I am a Welsh MP, and these issues are devolved to the Welsh Government. There is a different way of doing it. I urge my hon. Friend the shadow Minister and the Minister to look at what the Welsh Government are doing on school uniform grants. In Wales, a £1.7 million fund is available for children on free school meals. Parents can apply for a £125 grant, which can be spent not just on school uniforms but on sports kits, school trips and technologies. There are better ways of delivering, particularly for the least well-off children. If they are on free school meals, their parents can apply for that grant, which is worth up to £125. It is for reception children and children aged 11 who are going into year 7, so it is across the age range. I am sure my right hon. Friend would agree that there are better and different ways of supporting the least well off.
That is a particularly good one, isn’t it, Minister? The Prime Minister has told us that austerity is coming to an end, so she will want ideas about how to bring it to an end. Copying a proven model—we are not making up something that may not work—seems an admirable way to advance.
I am going to conclude, because the spokesman on our side—if I can still refer to him like that—has quite a bit to say, and we all wish to quiz the Minister.

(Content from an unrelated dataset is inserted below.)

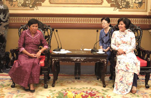 2. Wakil Ketua Komite Rakyat kota Ho Chi Minh, Nguyen Thi Hong menerima Menteri Kebudayaan dan Kesenian Kamboja, Phoeurng Sackona.

We have heard about the huge cost and about how arbitrary the 14-year cut-off point is. Will the Minister tell us when it was last reviewed? One person wrote on Facebook:
“Our son is 14, going into year 10, 6ft 4, size 12 feet, 48 inch chest!”
He has to have men’s shirts with very long arms so he can feel part of his school. It is very important that we get promises about improving the situation, not just for some but for all. There is a really important issue behind many of our contributions: we should be able to buy uniforms in many shops. For the many, not the few shops—that is what the policy should be.
The Minister should think about how he will lead us in approaching the Prime Minister. I say that in all seriousness, because we actually want to help him with this deadly serious topic. We want to help him with the instructions he will give to schools about, for example, costing their uniforms every year, getting supplies from standard suppliers, and the absurdity of the price for a games kit. If people want a uniform to be distinct, they should pick a colour that is commonly available and different from other school uniforms, rather than one that is available only from a single supplier.
I am really grateful to the Members who have turned up to the debate. We have been surprised by the number of letters, emails and phone calls that we have received. We have clearly just been through a horrendous period for parents, and I hope that they will not have to face that for another year.
Order. I was going to call the shadow Minister, but I have been corrected by the Clerk. The Opposition spokesperson cannot make a speech in a half-hour debate.
What I might do, if you are tolerant, Ms McDonagh, is take a few interventions from the shadow Minister so he can make a few points.
Will my right hon. Friend give way?
Order. This is my error, and I apologise, but I understand that you cannot make a speech.
Can I just rewind? I had spoken with the Opposition spokesman, and we were under the impression that he could speak. I would have allowed him to intervene before I sat down. Could I say that I had not sat down, Ms McDonagh?
I would like to do anything I can to facilitate the right hon. Gentleman, but the guidance I have been handed states that during a half-hour debate, neither speeches nor interventions from Opposition Front Benchers are permitted, as is the rule in the House. I apologise.
I hope my hon. Friend will be able to intervene in the debate from the Back Benches.